● Problem
From the records below, print only the part that opens with the line containing "اعتراض روستاییان (درنگ‌آباد)" and closes with the line containing "明治HD株主さんへ、園児からお礼の手紙"; omit the pictures.

********

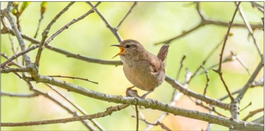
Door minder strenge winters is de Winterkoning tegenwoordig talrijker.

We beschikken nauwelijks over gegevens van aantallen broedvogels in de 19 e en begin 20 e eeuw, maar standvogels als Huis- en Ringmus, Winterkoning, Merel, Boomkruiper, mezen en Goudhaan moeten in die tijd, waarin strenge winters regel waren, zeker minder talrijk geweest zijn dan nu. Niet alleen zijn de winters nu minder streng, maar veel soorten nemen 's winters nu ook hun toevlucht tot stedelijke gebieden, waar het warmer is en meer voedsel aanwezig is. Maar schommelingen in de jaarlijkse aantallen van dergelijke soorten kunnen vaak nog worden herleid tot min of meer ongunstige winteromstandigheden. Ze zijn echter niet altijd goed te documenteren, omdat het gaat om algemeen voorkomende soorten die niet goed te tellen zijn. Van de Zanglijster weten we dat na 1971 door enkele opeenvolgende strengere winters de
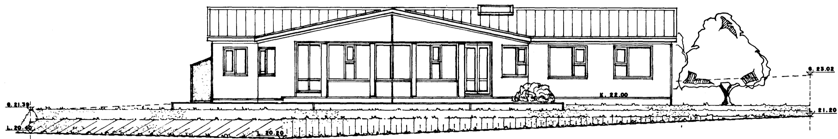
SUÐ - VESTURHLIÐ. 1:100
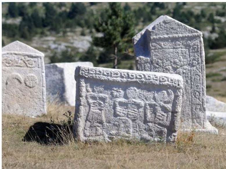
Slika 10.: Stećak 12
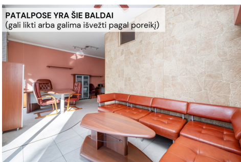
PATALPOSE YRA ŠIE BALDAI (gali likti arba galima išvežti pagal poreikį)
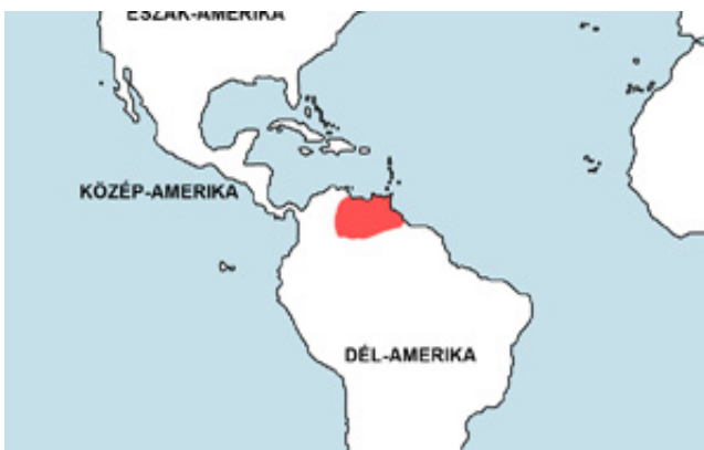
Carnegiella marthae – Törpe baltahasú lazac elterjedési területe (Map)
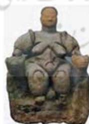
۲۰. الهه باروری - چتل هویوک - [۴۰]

********

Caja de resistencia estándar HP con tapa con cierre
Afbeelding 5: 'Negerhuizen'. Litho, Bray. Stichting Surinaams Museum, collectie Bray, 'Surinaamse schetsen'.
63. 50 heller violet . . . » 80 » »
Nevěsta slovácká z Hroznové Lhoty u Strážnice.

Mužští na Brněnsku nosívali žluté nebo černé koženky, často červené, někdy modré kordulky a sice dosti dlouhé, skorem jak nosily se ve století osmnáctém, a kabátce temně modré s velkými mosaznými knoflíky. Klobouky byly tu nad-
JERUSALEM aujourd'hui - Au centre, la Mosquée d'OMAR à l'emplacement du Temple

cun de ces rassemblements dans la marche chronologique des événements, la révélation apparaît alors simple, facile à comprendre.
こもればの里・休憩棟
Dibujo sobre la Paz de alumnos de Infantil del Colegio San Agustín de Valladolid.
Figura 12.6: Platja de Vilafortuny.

********

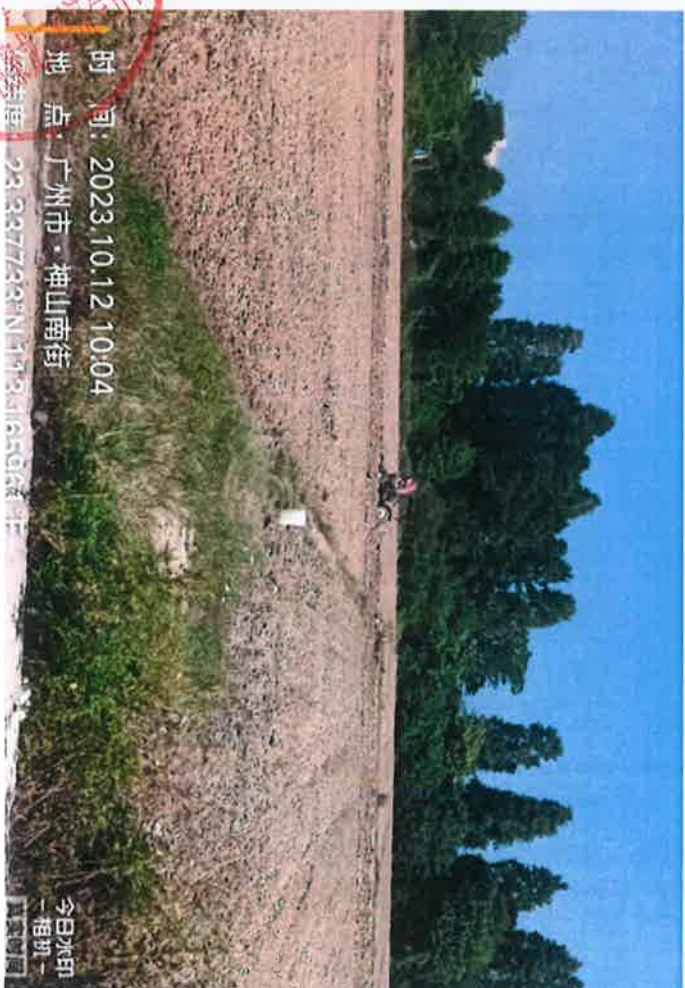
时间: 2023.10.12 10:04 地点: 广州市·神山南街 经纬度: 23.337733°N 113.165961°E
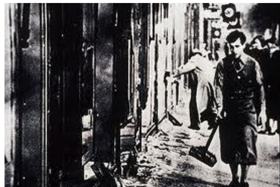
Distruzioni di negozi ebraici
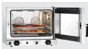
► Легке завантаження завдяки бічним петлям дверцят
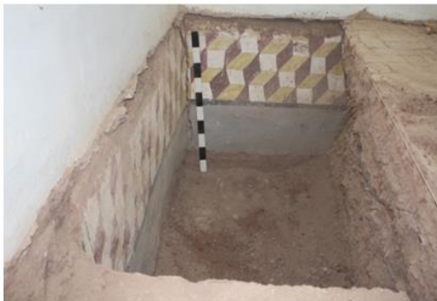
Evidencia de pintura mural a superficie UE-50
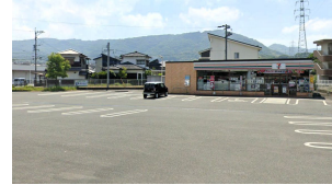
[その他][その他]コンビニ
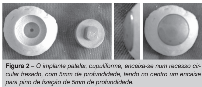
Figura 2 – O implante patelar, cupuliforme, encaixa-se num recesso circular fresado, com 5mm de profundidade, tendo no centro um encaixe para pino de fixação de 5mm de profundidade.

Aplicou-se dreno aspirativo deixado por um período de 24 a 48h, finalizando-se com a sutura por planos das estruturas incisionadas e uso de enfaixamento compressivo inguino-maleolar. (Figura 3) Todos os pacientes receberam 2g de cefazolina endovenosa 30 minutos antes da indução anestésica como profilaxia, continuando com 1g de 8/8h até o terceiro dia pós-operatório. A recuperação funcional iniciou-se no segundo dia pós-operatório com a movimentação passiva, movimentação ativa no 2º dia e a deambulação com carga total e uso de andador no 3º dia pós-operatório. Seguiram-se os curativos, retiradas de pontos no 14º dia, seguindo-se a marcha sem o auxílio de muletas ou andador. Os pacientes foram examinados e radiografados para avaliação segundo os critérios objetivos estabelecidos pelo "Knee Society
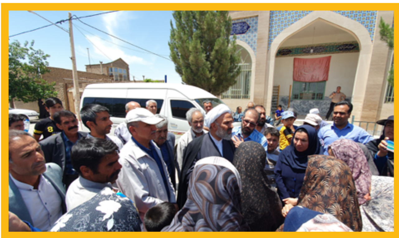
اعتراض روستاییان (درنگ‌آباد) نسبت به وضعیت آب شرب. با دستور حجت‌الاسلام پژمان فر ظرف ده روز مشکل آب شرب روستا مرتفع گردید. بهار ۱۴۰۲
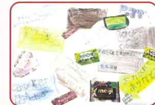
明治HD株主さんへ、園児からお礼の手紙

********

● Solution for this problem
اعتراض روستاییان (درنگ‌آباد) نسبت به وضعیت آب شرب. با دستور حجت‌الاسلام پژمان فر ظرف ده روز مشکل آب شرب روستا مرتفع گردید. بهار ۱۴۰۲
明治HD株主さんへ、園児からお礼の手紙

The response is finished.